Anastasius I of Antioch was the Patriarch of Antioch twice (561–571 and 593–599).

Alban Butler calls him "a man of singular learning and piety". He was a friend of Pope Gregory I, and aroused the enmity of the Emperor Justinian by opposing certain imperial doctrines about the Body of Christ (Justinian favoured the Aphthartodocetae). He was to be deposed from his see and exiled when Justinian died; but Justin II carried out his uncle's purpose five years later in 570, and another bishop, Gregory of Antioch, was put in his place.  But when Gregory died in 593, Anastasius was restored to his see. This was chiefly due to Pope Gregory the Great, who interceded with the Emperor Maurice and his son Theodosius, asking that Anastasius be sent to Rome, if not reinstated at Antioch.

From some letters sent to him by Gregory, it is thought that he was not sufficiently vigorous in denouncing the claims of the Patriarch of Constantinople to be a universal bishop.
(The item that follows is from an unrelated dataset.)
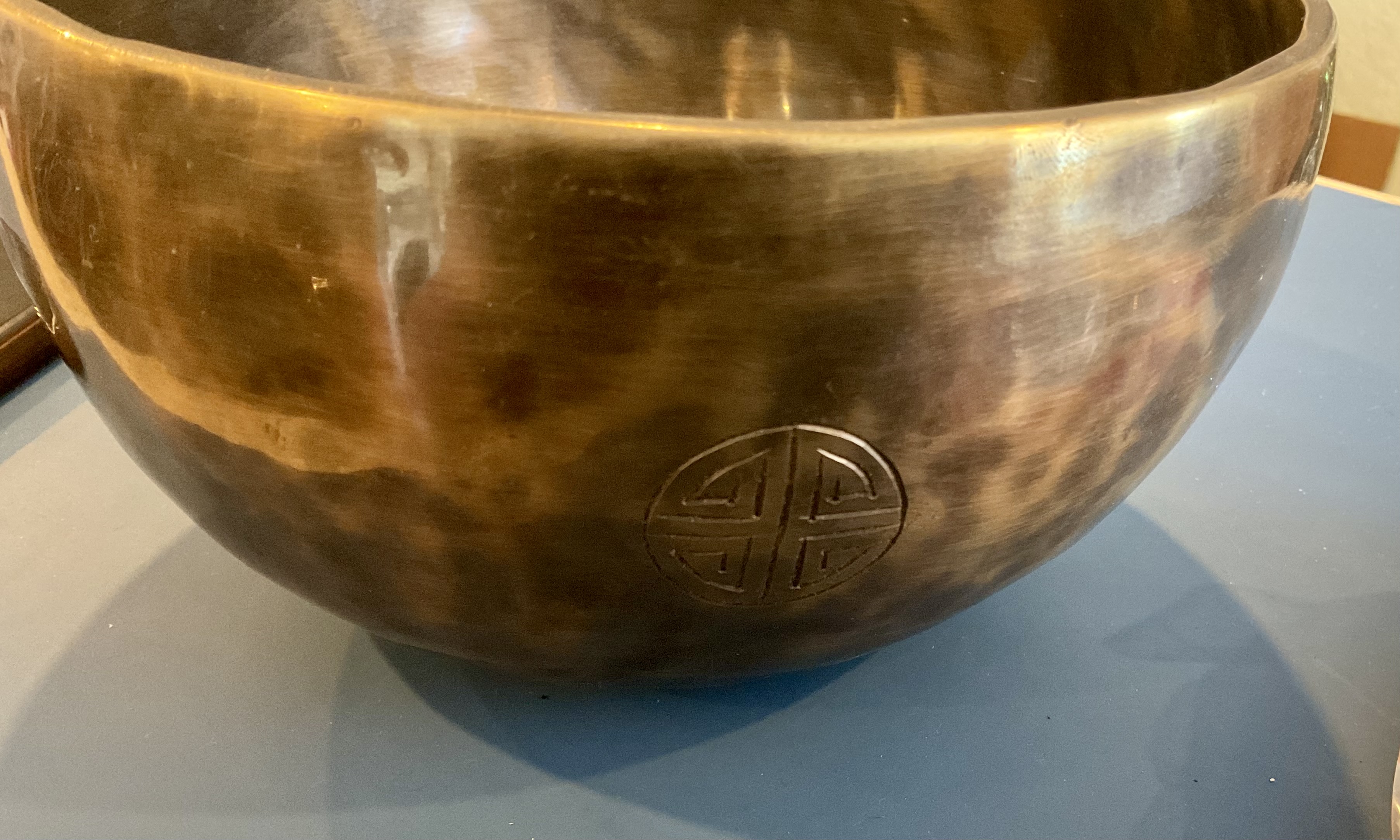 10″ Hammered Bronze Etched Tibetan Tiger’s Eye Full Moon Singing Bowl in the Key F# w/ Striker-

There is some confusion about the date of his death. According to some sources, he was killed by a Jewish mob in 599. His feast day is 21 April. An alternative version is that Anastasius died in 598, and was succeeded by another bishop by the same name, to whom the translation of Gregory's Regula Pastoralis is attributed, and who is recorded as having been put to death in an insurrection of the Jews. However, Nicephorus (Hist. Eccl., XVIII, xliv) declares that these two are one and the same person.

The same difficulty occurs with regard to certain Sermones de orthodoxa fide, some ascribing them to the latter Anastasius; others claiming that there was but one bishop of that name.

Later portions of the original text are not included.